Action: Add initialization block for local provider

if self.api == 'local':
    import os
    base_url = os.getenv('LOCAL_API_URL', 'http://localhost:8000/v1')
    api_key = self.api_key if self.api_key else 'not-needed'
    self.api_client = OpenAI(
        base_url=base_url,
        api_key=api_key,
    )

Notes:

  • Reads base URL from environment variable (default: vLLM's standard port)
  • API key optional (many local servers don't require authentication)
  • Works with vLLM, Ollama, LM Studio, etc.

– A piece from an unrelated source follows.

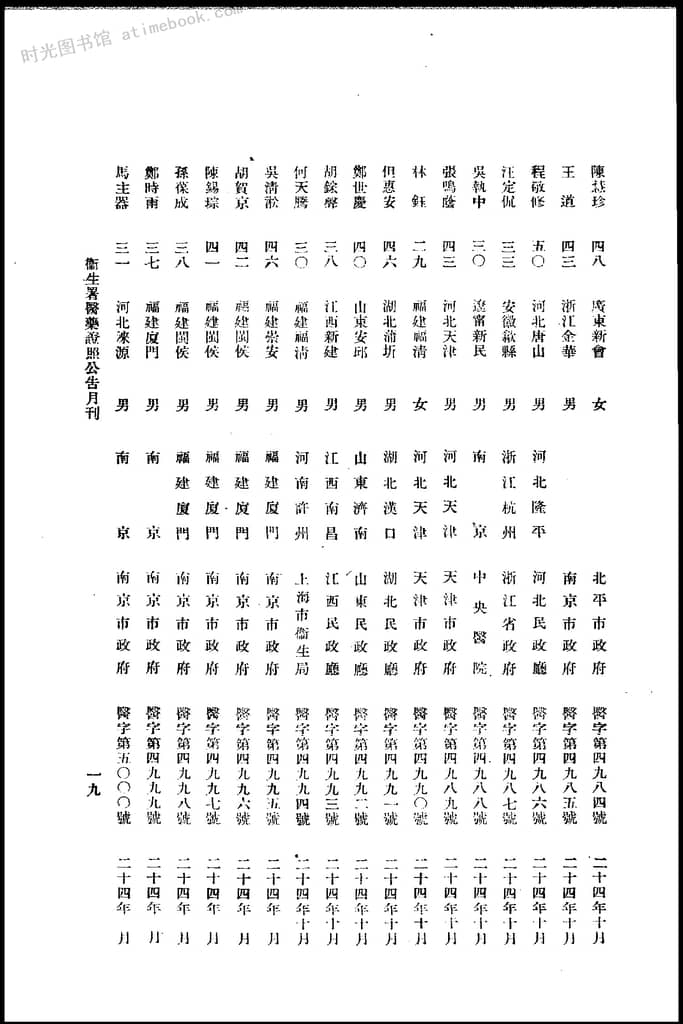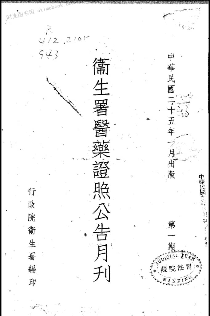 网盘路径:/时光图书馆珍藏系列/书籍文件/老杂志、老期刊/民国期刊/南京/《卫生署医药证照公告月刊》(南京)1936-1937年合集.db

Step 3: Implement Prompt Method

File: scripts/simple_ai_clients.pyprompt() method (after line 273)

Action: Add request handling for local provider

if self.api == 'local':
    workload_json = [{
        "role": "user",
        "content": [
            {"type": "text", "text": prompt},
        ]
    },
    {
        "role": "system",
        "content": self.gpt_role_description
    }]

    for img_path in self.image_resources:
        with open(img_path, "rb") as image_file:
            base64_image = base64.b64encode(image_file.read()).decode("utf-8")
        workload_json[0]['content'].append(
            {"type": "image_url", "image_url": {"url": f"data:image/jpeg;base64,{base64_image}"}}
        )

    kwargs = {
        "messages": workload_json,
        "model": model,
        "temperature": self.temperature,
        "max_tokens": 16000,
    }

    if self.dataclass:
        # Try strict mode first, fall back to json_object mode if that fails
        schema = self.dataclass.model_json_schema()
        try:
            kwargs_strict = kwargs.copy()
            kwargs_strict["response_format"] = {
                "type": "json_schema",
                "json_schema": {
                    "name": self.dataclass.__name__,
                    "strict": True,
                    "schema": schema
                }
            }
            chat_completion = self.api_client.chat.completions.create(**kwargs_strict)
            answer = chat_completion
        except Exception as e:
            logging.warning(f"Local model strict mode failed, falling back to json_object mode: {e}")
            kwargs["response_format"] = {"type": "json_object"}
            schema_prompt = f"\n\nYou MUST respond with valid JSON matching this exact schema: {json.dumps(schema)}"
            kwargs["messages"][1]["content"] = self.gpt_role_description + schema_prompt
            chat_completion = self.api_client.chat.completions.create(**kwargs)
            answer = chat_completion
    else:
        chat_completion = self.api_client.chat.completions.create(**kwargs)
        answer = chat_completion

Notes:

  • Uses OpenAI-compatible format (same as OpenRouter/sciCORE)
  • Supports images via base64 encoding
  • Handles structured output with fallback strategy
  • Sets reasonable max_tokens for local models

Step 4: Implement Response Parsing

File: scripts/simple_ai_clients.pycreate_answer() method (after line 626)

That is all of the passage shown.